### ENTRIES SUPPLIED
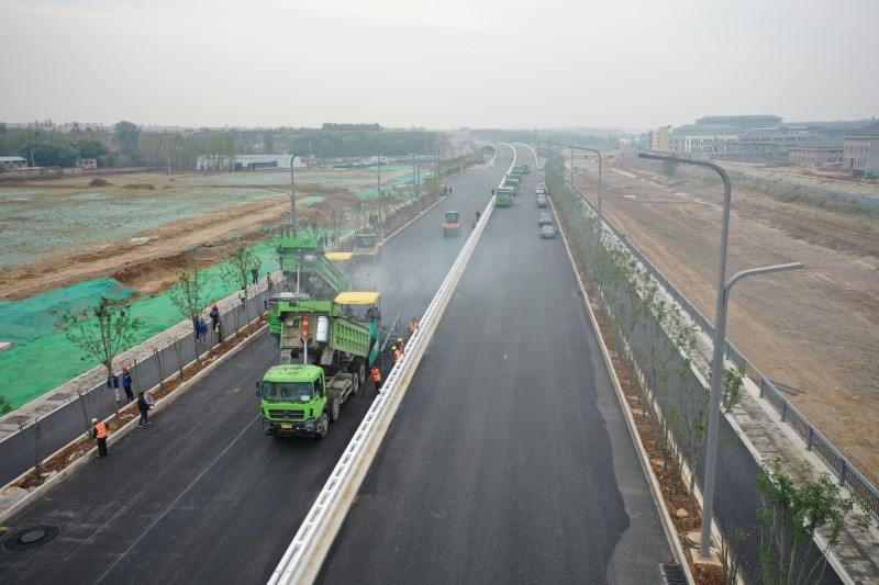 濱河?xùn)|路南延二期工程施工一標(biāo)段北起迎賓路,南至設(shè)計(jì)樁號(hào)K5+500,道路全長(zhǎng)約5.3公里,設(shè)計(jì)紅線寬為51.5-60米,施工內(nèi)容包括人行地下通道、排水、電力、下穿通道、高架橋、道路工程,于2021年12月開(kāi)工建設(shè),由一公司、三公司共同承建。該工程作為市重點(diǎn)項(xiàng)目,一公司強(qiáng)效組織、積極籌劃,確立“精心組織、精準(zhǔn)對(duì)標(biāo)、精細(xì)管理、精致施工”的理念,采取“分段管理”的施工方案,確立七個(gè)工區(qū),并安排專人負(fù)責(zé)各工段,形成全面開(kāi)花、相互協(xié)作的工作局面,大力提高施工效率。施工中,項(xiàng)目部錨定目標(biāo)節(jié)點(diǎn),制定施工計(jì)劃,冬季施工中認(rèn)真做好混凝土養(yǎng)護(hù)和保溫工作,有效防止混凝土凍裂;采用放坡和拉森鋼板樁+鋼支撐的支護(hù)方式,嚴(yán)格控制鋪筑厚度逐層回填夯實(shí),為施工奠定堅(jiān)實(shí)基礎(chǔ);合理調(diào)配110臺(tái)機(jī)械、854名施工人員24小時(shí)倒班不間斷作業(yè),最快一天連續(xù)鋪筑瀝青混凝土1800米,掀起“大干不停歇”的施工熱潮。2022年9月,一公司圓滿完成全部施工任務(wù),在全線七個(gè)標(biāo)段中名列前茅,為汾河?xùn)|岸再填一條平坦大道。三公司全體參建人員與時(shí)間賽跑,從各施工區(qū)域土方工程破土動(dòng)工,到墩柱、橋梁相繼“沖出”地平線,爭(zhēng)時(shí)間、搶進(jìn)度,是該工程第一個(gè)完成首聯(lián)箱梁澆筑的標(biāo)段。其中,橋梁工程是整個(gè)工程的重中之重,結(jié)合工程自身特點(diǎn),現(xiàn)澆箱梁采用滿堂紅盤扣式支架法進(jìn)行施工,大大提高了模板安裝精度和施工質(zhì)量,降低了模板、腳手架的安裝難度;項(xiàng)目部嚴(yán)格把控瀝青混凝土鋪設(shè)這最為關(guān)鍵的一步,攤鋪機(jī)勻速前進(jìn),刮平后立即檢查,及時(shí)進(jìn)行人工充分壓實(shí)。項(xiàng)目部肩負(fù)光榮使命,齊心協(xié)力戰(zhàn)疫情、斗風(fēng)沙、頂驕陽(yáng)、冒暴雨,及時(shí)排除項(xiàng)目建設(shè)過(guò)程中難點(diǎn)、堵點(diǎn)問(wèn)題,以腳踏實(shí)地的努力,保證了一個(gè)個(gè)節(jié)點(diǎn)目標(biāo)的如期完成,確保施工進(jìn)程“不歇步”,合力攻堅(jiān)、全速推進(jìn),用敬業(yè)和擔(dān)當(dāng)詮釋了實(shí)干精神,彰顯了市政人“闖”的精神,“創(chuàng)”的勁頭。
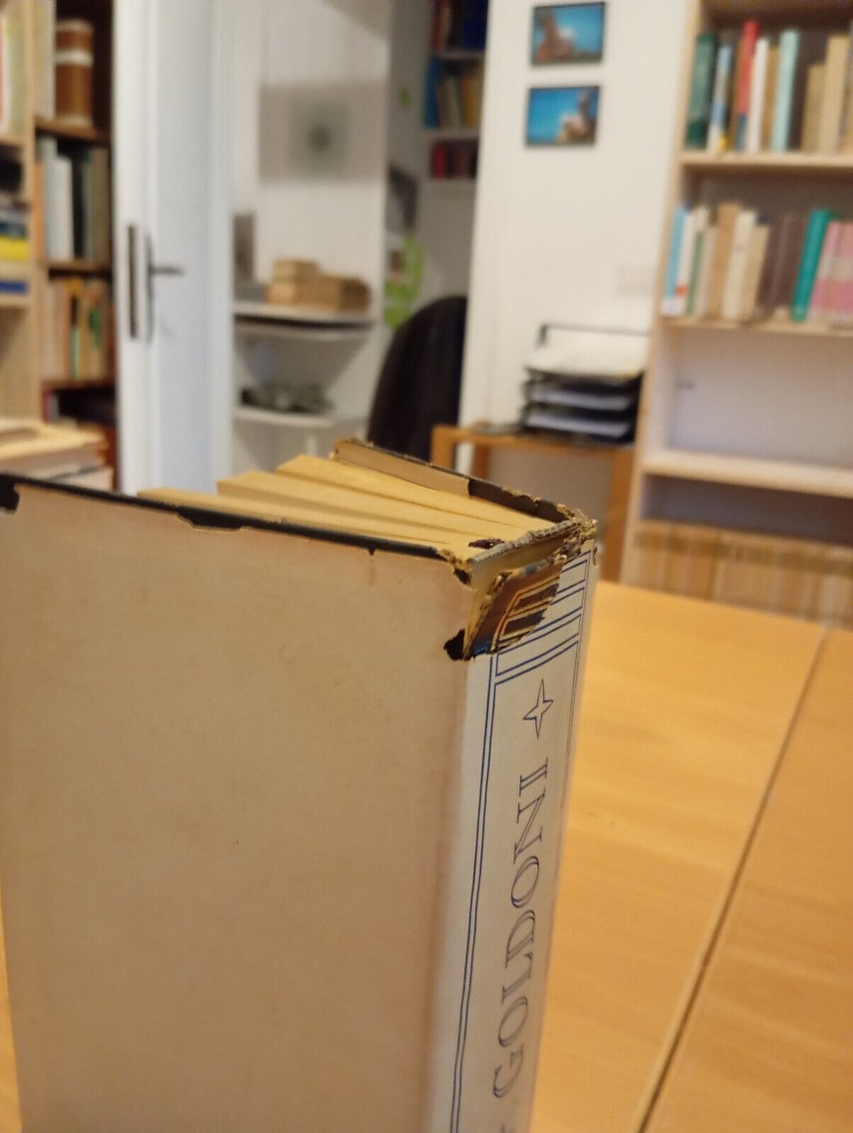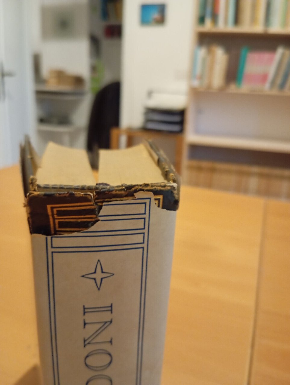 Sovracopertina con alcuni strappi e segni di usura, come da foto. Copertina rigida con ammaccatura nella parte superiore del dorso, come da foto
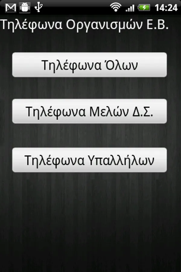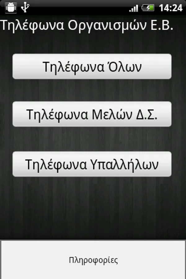Phonebook Organizations Reclamation. On the first screen using the button menu, displays information about the application's operation.
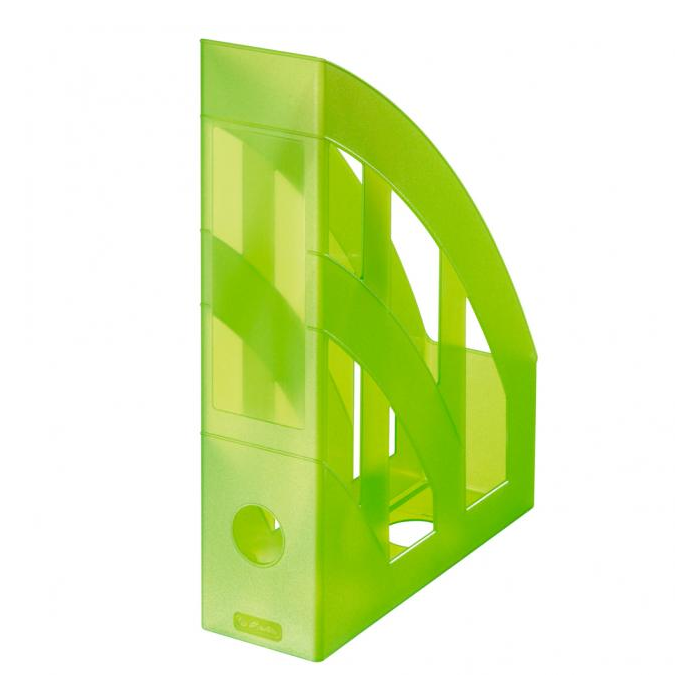 Plastový stojan na časopisy vhodný na ukladanie časopisov, záznamov a katalógov. Etiketa na chrbte. U priehľadných je materiál Polystyrol, plast odolný voči nárazom. Pre formát DIN A4 až C4. Väčšie balenie 4 ks. Farba priehľadná zelená.
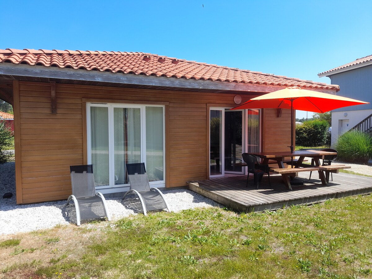 Ce cottage de 35m2 avec 2 terrasses : une de 15m2 abritée et une de 25m2 coté jardin, offre un séjour détente et nature pour toute la famille. Il est situé au sein du Domaine des Pins D'Or, au cœur de la forêt des Landes, à 5 km de la belle plage préservée de Lespecier. Au sein du domaine vous aurez accès à : - une piscine extérieure chauffée - un espace Balneo avec SPA et piscine intérieure - un espace Bien être et un espace Forme (salle de fitness) (en supp) - un tennis - boulodrome…

### ACTION ITEM
Could you write out exactly the lines of the data above that run from the one holding "Phonebook Organizations Reclamation." to the one holding "Plastový stojan na", with both ends in and all pictures out?

### YOUR SOLUTION
Phonebook Organizations Reclamation. On the first screen using the button menu, displays information about the application's operation.
 Plastový stojan na časopisy vhodný na ukladanie časopisov, záznamov a katalógov. Etiketa na chrbte. U priehľadných je materiál Polystyrol, plast odolný voči nárazom. Pre formát DIN A4 až C4. Väčšie balenie 4 ks. Farba priehľadná zelená.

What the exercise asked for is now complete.